#### [Collected material]
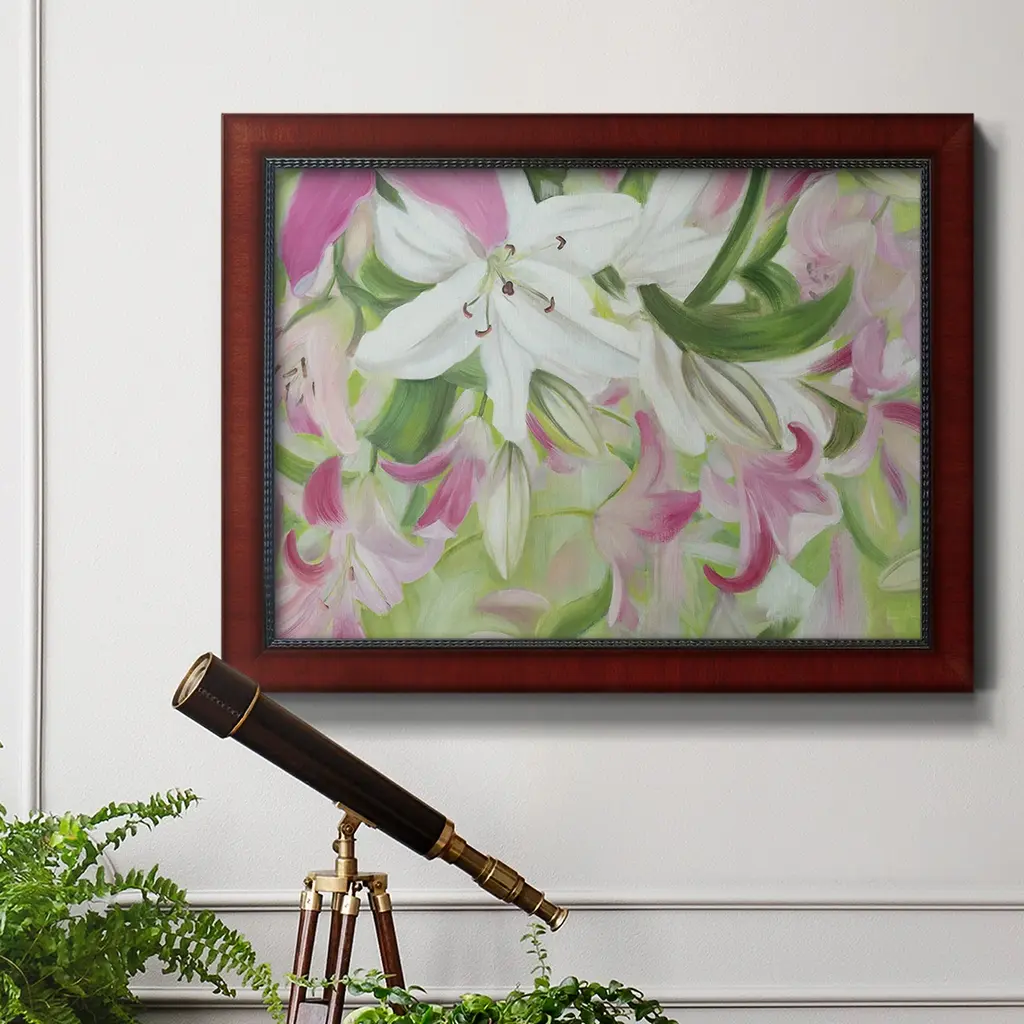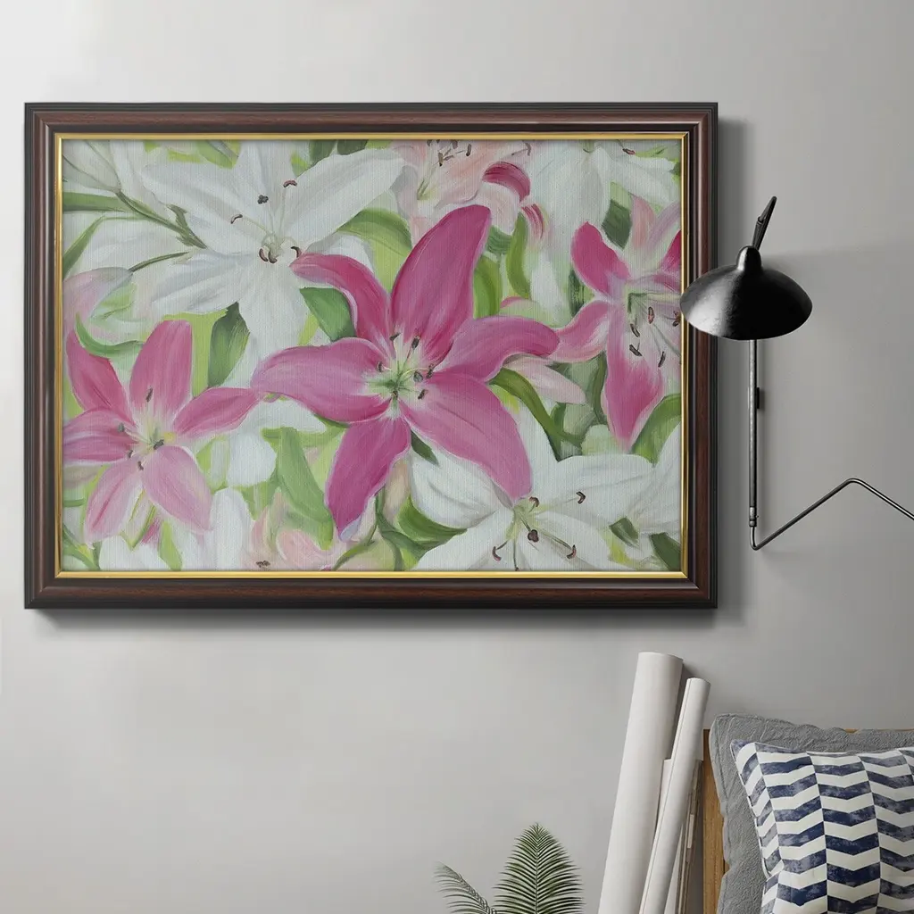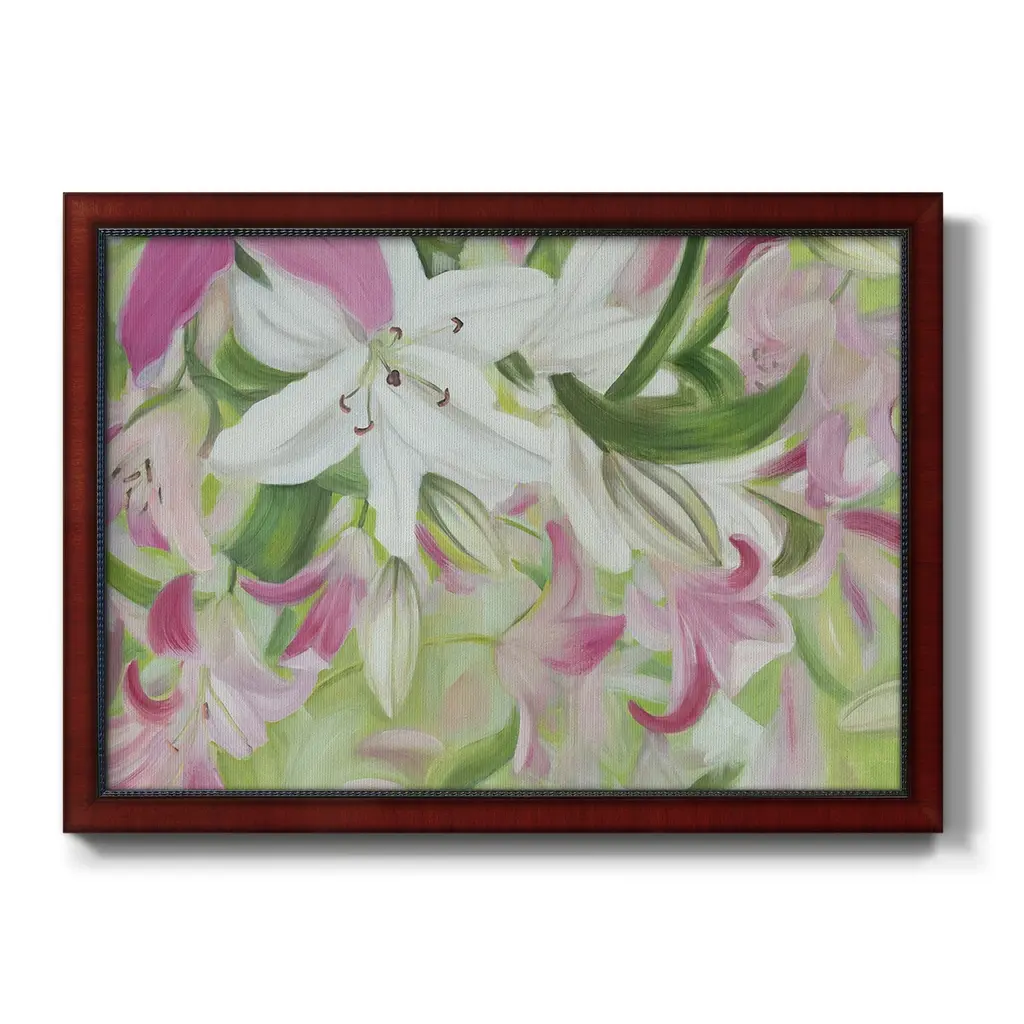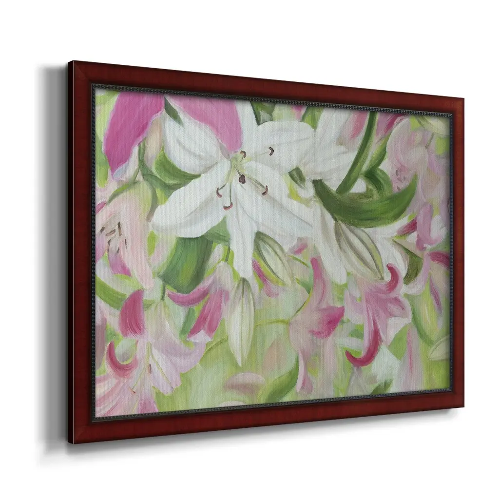 Pink And White Lilies V Premium Framed Canvas- Ready To Hang - 24x36 - Mahogany
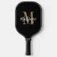 Modern personalised custom colour pickleball paddle featuring a monogram and name shown in an editable hand-lettered script name in changeable black, gold and white colours for the pickler or pickleball enthusiast. COLOR CHANGES: Change the text or background colours or add a styled graphics background by clicking on the EDIT tab in the PERSONALIZE section to create your own custom design. PADDLE OPTIONS: Choose from Black, Tan or White edging and grip colours on the ordering page. ASSISTANCE: For help with design modification or personalisation, colour change, transferring the design to another product or if you would like coordinating items, contact the designer BEFORE ORDERING via the Zazzle Chat MESSAGE tab below or email makeitaboutyoustore@gmail.com.
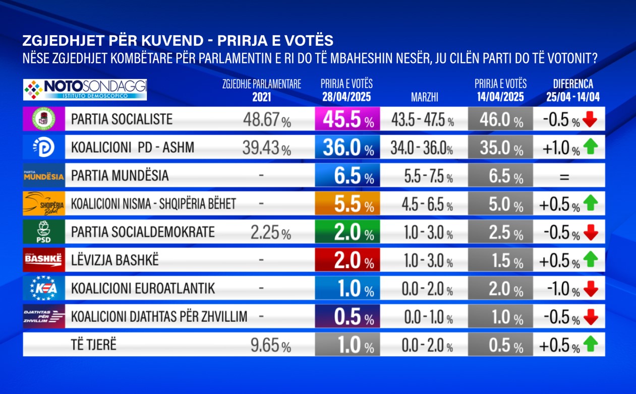 45.5% e qytetarëve janë përgjigjur se do të votonin Partinë Socialiste (varion 43.5%-47.5%). PS ka pësuar rënie me 0.5 krahasuar me sondazhin e 14 prillit. 36% do të votonin Partinë Demokratike dhe koalicionin e drejtuar prej saj Aleanca për Shqipërinë Madhështore (34%-36%). Opozita është rritur me 1% në krahasim me 2 javë më parë.
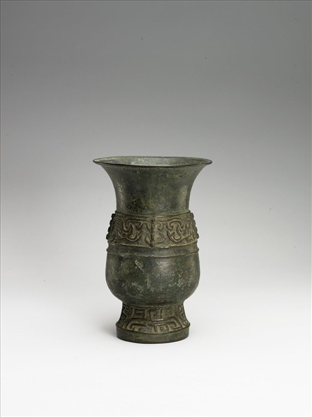 觶,侈口、鼓腹、圈足微撇,頸有棱脊。頸飾鳥紋、弦紋,足飾竊曲紋。

#### [Exercise requirements]
Each line above should be returned exactly as written, apart from any pictures.

#### [Exercise result]
 Pink And White Lilies V Premium Framed Canvas- Ready To Hang - 24x36 - Mahogany
 Modern personalised custom colour pickleball paddle featuring a monogram and name shown in an editable hand-lettered script name in changeable black, gold and white colours for the pickler or pickleball enthusiast. COLOR CHANGES: Change the text or background colours or add a styled graphics background by clicking on the EDIT tab in the PERSONALIZE section to create your own custom design. PADDLE OPTIONS: Choose from Black, Tan or White edging and grip colours on the ordering page. ASSISTANCE: For help with design modification or personalisation, colour change, transferring the design to another product or if you would like coordinating items, contact the designer BEFORE ORDERING via the Zazzle Chat MESSAGE tab below or email makeitaboutyoustore@gmail.com.
 45.5% e qytetarëve janë përgjigjur se do të votonin Partinë Socialiste (varion 43.5%-47.5%). PS ka pësuar rënie me 0.5 krahasuar me sondazhin e 14 prillit. 36% do të votonin Partinë Demokratike dhe koalicionin e drejtuar prej saj Aleanca për Shqipërinë Madhështore (34%-36%). Opozita është rritur me 1% në krahasim me 2 javë më parë.
 觶,侈口、鼓腹、圈足微撇,頸有棱脊。頸飾鳥紋、弦紋,足飾竊曲紋。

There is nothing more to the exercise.